In the vast majority of cases the fact that distinguished
experts in the field are of a particular opinion will demonstrate
the reasonableness of that opinion. In particular, where
there are questions of assessment of the relative risks and
benefits of adopting a particular medical practice, a reasonable
view necessarily presupposes that the relative risks and
benefits have been weigh d by the experts in forming their
opinions. But if, in a rare case, it can be demonstrated
that the professional opinion is not capable of withstanding
logical analysis the judge is entitled to hold that the body
of opinion is not reasonable or responsible.’
'I
emphasise that in my view it will very seldom be right
for a judge
to reach the conclusion that views genuinely
held by a competent medical expert are unreasonable. The
assessment of medical risks and benefits is a matter of clinical
judgment which a judge would not normally be able to make
without expert evidence. As the quotation from Lord Scarman
makes clear, it would be wrong to allow such assessment to
deteriorate into seeking to persuade the judge to prefer
one of two views both of which are capable of being logically
supported. It is only where a judge can be satisfied that
the body of expert opinion cannot be logically supported
at all that such opinion will not provide the bench mark
y reference to which the defendant’s conduct falls
to be assessed.’
Where does that leave access to justice vis a vis those
who emerge unexpectedly damaged from medical treatment?
The role of the medical negligence litigator has always
had two primary limbs:
First: To establish what really happened. There is of course
the duty of candour which the doctor/health authority owes:
Lee v. South West Regional Health Authority [1985] 2 All
ER 385; Naylor V. Preston Health Authority [1987] 2 All ER
353.That said, the probing and digging of the plaintiff experts
[orchestrated by the plaintiff litigator] can uncover a matrix
of fact otherwise not apparent. This role of the litigator
continues as before - indeed the onus is greater. The more
information which is revealed earlier, the more clearly the
medico-legal focus on the issue of negligence can be achieved.

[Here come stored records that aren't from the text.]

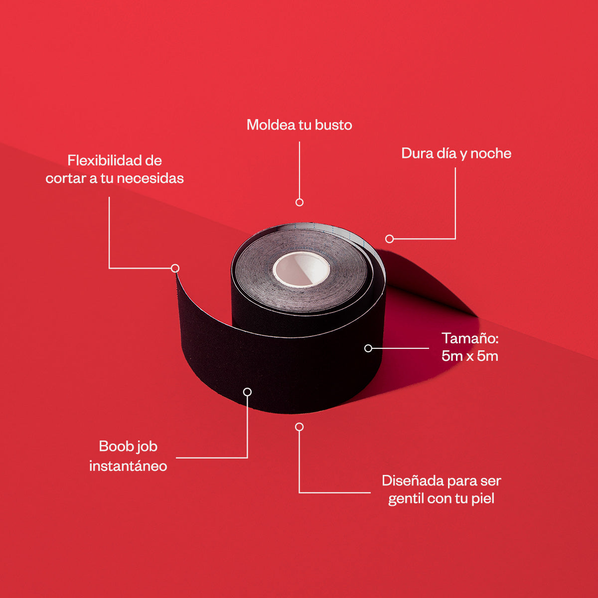 Esta cinta adhesiva en tono nude está diseñada para levantar, moldear y sostener el busto sin necesidad de brasier, incluso en escotes profundos, espaldas descubiertas o cortes asimétricos.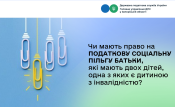 Чи мають право на податкову соціальну пільгу батьки, які мають двох дітей, одна з яких є дитиною з інвалідністю?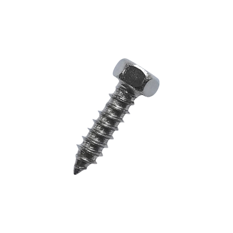 Самонарезающий винт с шестигранной головкой DIN 7976 из нержавеющей стали позиционируется как саморез для листового металла и используется для работы с мягкой сталью и алюминием. Его целесообразно использовать в тех случаях, когда требуется приложить более высокое усилие затягивания и допускается выступающая шляпка крепежа. Шуруп-саморез по металлу имеет стержень с полной мелкой резьбой, который при ввинчивании в низкоуглеродистую сталь и алюминиевые сплавы нарезает канавку в установочном отверстии без деформации собственной резьбы. Острие на конце избавляет от необходимости сверления стали толщиной до 1,0 мм. Внешний шестигранник обеспечивает увеличенный момент затяжки и исключает проскальзывание инструмента при установке. Изготовлен из немагнитной аустенитной стали А2, которая сочетает в себе высокую прочность и пластичность. Нержавеющие саморезы, выполненные из данного материала, рассчитаны на длительный срок службы без следов коррозии во влажной среде.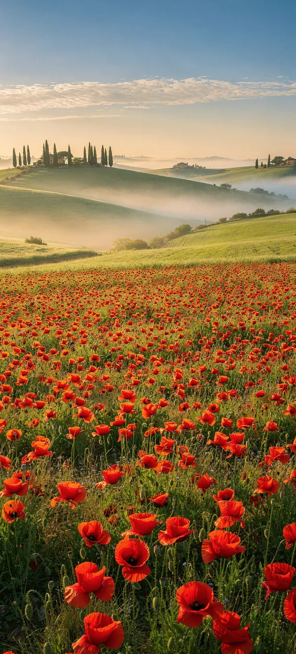 Vibrant red poppy landscape in Tuscany with rolling green hills, cypress trees, and soft morning mist. High-resolution nature wallpaper for mobile devices.
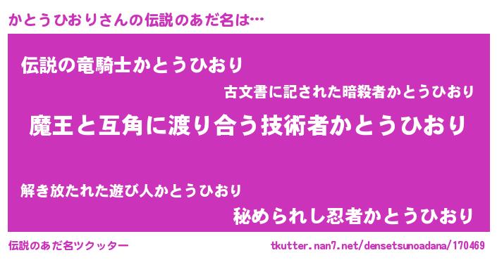 | 欧米人風あだ名 | 『かとうひおり・ステッグマイヤー』 |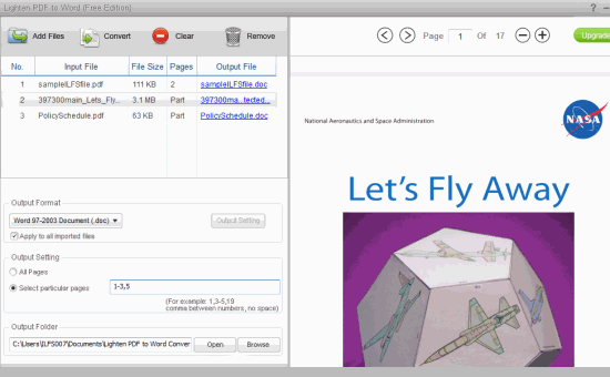 Lighten PDF to Word (Free Edition) is a very handy software to bulk convert PDF files to word files. Apart from converting PDF to doc and docx format, it can also convert it to plain text format. Most unique feature of this software is that it lets you set separate page range for separate PDF files. For example, you can set 1-5, 7 page range for one PDF file, and can set 1-10 or any other page range (depending on number of pages) for another PDF file.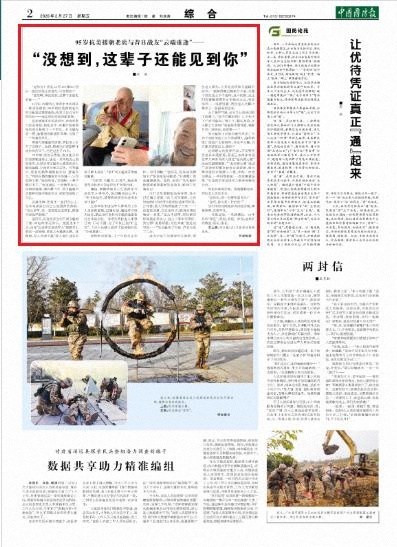 战火中结下的情谊历久弥新,两位老人聊的,大多是些琐碎又温暖的细节:一副磨得露出棉絮的手套,在整个排的战士手中流转;战斗间隙,战士们吃着煨烤得半生不熟的土豆,笑容灿烂……说着说着,两位老人的眼中都多了一层晶莹的泪光。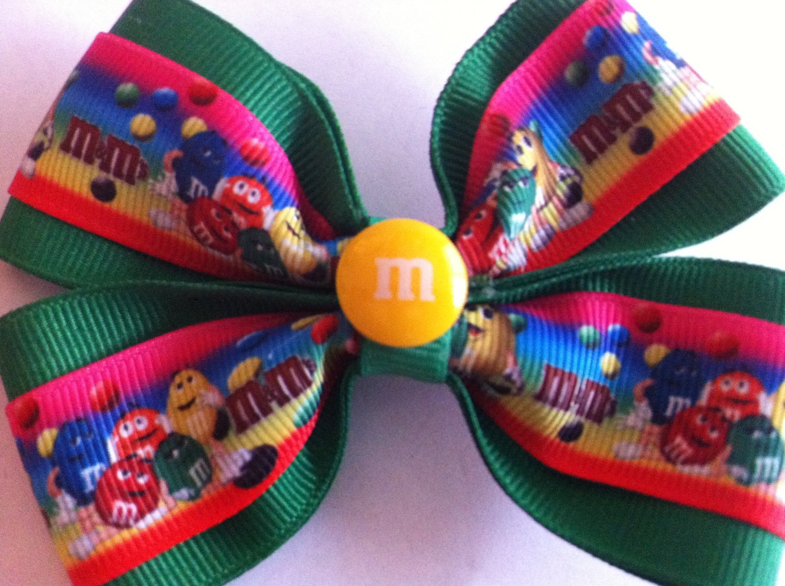 как выглядит Girls Hair Bow 4" Wide M Ms Ribbon Green Grosgrain Flatback French Barrette фото

Second: To seek to prove negligence, with the assistance
of medical experts. That issue of negligence is one of law:
As a matter of law, the risk of damage to the patient from
the treatment actually adopted has to be weighed in the balance
against the benefit to be derived. If the risk of injury
obviously and clearly outweighs the benefit to be derived,
then it is submitted that [following Bolitho] the makings
of an argument to succeed on negligence are established,
namely that a body of expert opinion called by the defence
could not logically support the treatment administered at
all.
SUMMARY:
This is the first time that the House of Lords has expressed
reservations about the Bolam test. This test has been the
subject of criticism over the years because it appeared to
be too protective of the medical profession. It conveyed
the impression that it was doctors rather than the courts
who were the final arbiter of the standard of care to be
owed in a medical environment.
In short,
the courts are looking to ensure that it is the medical
opinion itself which is responsible, respectable/reasonable
as opposed to the calibre/disposition of the medical experts
espousing such opinion.
Bolitho can be interpreted as opening the way for a modest
reappraisal of the position, whereby as a longstop it is
for the court to decide what ought to be done if what is
done obviously fails to satisfy the risk-benefit ratio.